My thinking re the cost of the ECM buy quality buy once , I have had it a year or so now and it does a grand job

I did look at more expensive grinders but find the Mignon fine for domestic use

I think there is a used Mignon for sale on the forum , Here it is

http://coffeeforums.co.uk/showthread.php?28654-Eureka-Mignon-MK2-in-Chrome-%A3230-00-collected


----------



## seeq (Jul 9, 2011)

Welcome to the forum.

I've had an aeropress since Christmas and love it. Sometimes the strength of coffee can be off putting to many people, especially if it's a fairly new taste. With the aeropress use a small dose to make an Americano. Try 15g and 60g of water in the cup, top it up with boiling water. It's far less of a shock to the tastebuds.

You won't get a huge improvement with shots from the delonghi, it's designed really for preground, although clearly you can grind your own, but you will need to go courser than espresso grind as its a pressurised basket.

It's refreshing to see someone opting to upgrade the grinder first. A good grinder will have more of an impact than a good machine. I've not had a mignon but they are well thought of and should give you a good grind for some time.

Enjoy the ride!


----------



## RevJB (Jan 1, 2016)

Thanks.

With the aeropress I tend to go with 16g:240ml and find that fairly tastey, though the taste usually improves quite a bit after two minutes or so of cooling. Is thay normal?

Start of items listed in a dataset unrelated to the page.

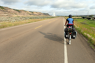 We began to think that with the small tailwind, we could tack on the extra 60 km to the Alberta border at Alsask, but we were a bit unsure of the campsite there and what facilities they had for tents. We stopped at the tourist office in Kindersley for some more info and a map of Alberta and then on to Timmo's for a planning meeting. It was only 11:30 am. Our recipe for dealing with hot days: go inside Timmo's and sit in airconditoned comfort, drinking iced cappucino's or chocolate chills until you are so cold that you long to go outside again. By the time we had finished two each we had booked a night at the Canalta Hotel on the edge of town. Timmo's makes everything clearer! The hotel is new, only 2 years old and is perched, well, on the edge of nothingness with a view of forever. The manager was very helpful, bikes went into storage downstairs and we went into a room complete with couch, footrests, king sized bed and bath. Fabulous! It was only 1:00 pm and we were checked in. We passed the afternoon rechecking the route and making some changes. Then out for a pizza for dinner (pizza place in the parking lot). The hotel even makes popcorn as an afternoon snack! Tomorrow we will be first in for breakfast, then Alberta, here we come!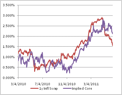 Interestingly, the inflation markets are also acting optimistic on the general pricing environment. While both real and nominal interest rates continue to drift to ever-lower levels (generally, although not today), the implied core inflation has remained surprisingly static as well as high compared to the current level of core. The chart below is an updated version of a chart I have run before. It illustrates that the sharp decline in 1-year inflation swap quotes is mostly explained by the drop in forward energy prices. The red line is the 1y inflation swap; the other line is the residual after subtracting out the movement implied by energy futures.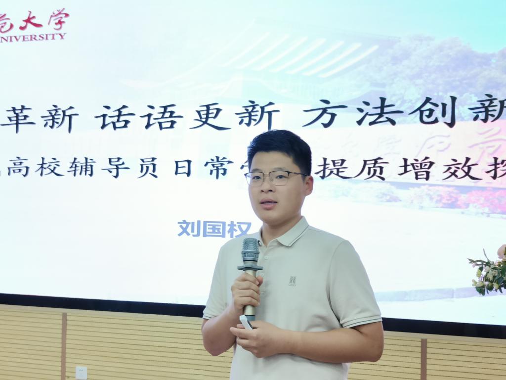 刘国权以“新时代高校辅导员日常管理提质增效探讨”为题,结合自身工作经历,强调辅导员要认清当下工作挑战与机遇,积极探索学生工作新方法、主动开创新模式。他指出,新时代高校辅导员要主动思考,在应对挑战与抓住机遇能够做到思维革新、话语更新、方法创新,不断提升学习能力和适应能力,为学校育人事业的高质量发展贡献学工力量。刘老师授课真诚有力,给世界杯官网辅导员指明了个人成长和提高的方向,坚定了职业信念,增强了主动工作意识,传授了丰富的工作经验,有效地推动世界杯官网辅导员队伍职业化、专家化建设。

With the Delonghi I've actually depressurised the basket and found that the taste is better - much clearer fuitiness and sweetness. I can taste the unevenness of exactraction though that is presumably caused in part by inconcsistent grind size.


----------



## Mrboots2u (May 10, 2013)

RevJB said:


> Thanks.
> 
> With the aeropress I tend to go with 16g:240ml and find that fairly tastey, though the taste usually improves quite a bit after two minutes or so of cooling. Is thay normal?
> 
> With the Delonghi I've actually depressurised the basket and found that the taste is better - much clearer fuitiness and sweetness. I can taste the unevenness of exactraction though that is presumably caused in part by inconcsistent grind size.


Cooling filers defo opens up the flavour . When it's hot - your tasting hot







as it cools it will get more subtle .

For Aeropress now I " push " into a non warmed vessel to sped up the cooling process and pour into a non warmer cup . Again I don't pre warm an espresso cup anymore either


----------



## RevJB (Jan 1, 2016)

Mrboots2u said:


> Cooling filers defo opens up the flavour . When it's hot - your tasting hot
> 
> 
> 
> ...


I've been warming the cup before the coffee goes in, then waiting for the coffee to cool before drinking. In retrospect that doesn't make much sense. Important to keep the grounds warm, but not the cup. Glad you posted!


----------



## hotmetal (Oct 31, 2013)

Welcome from me too. I think the only flaw in your master plan is that you will quickly develop a taste for the good stuff and then every time you are given a cup of instant in a parishioners home or a meeting you will be grimacing!


----------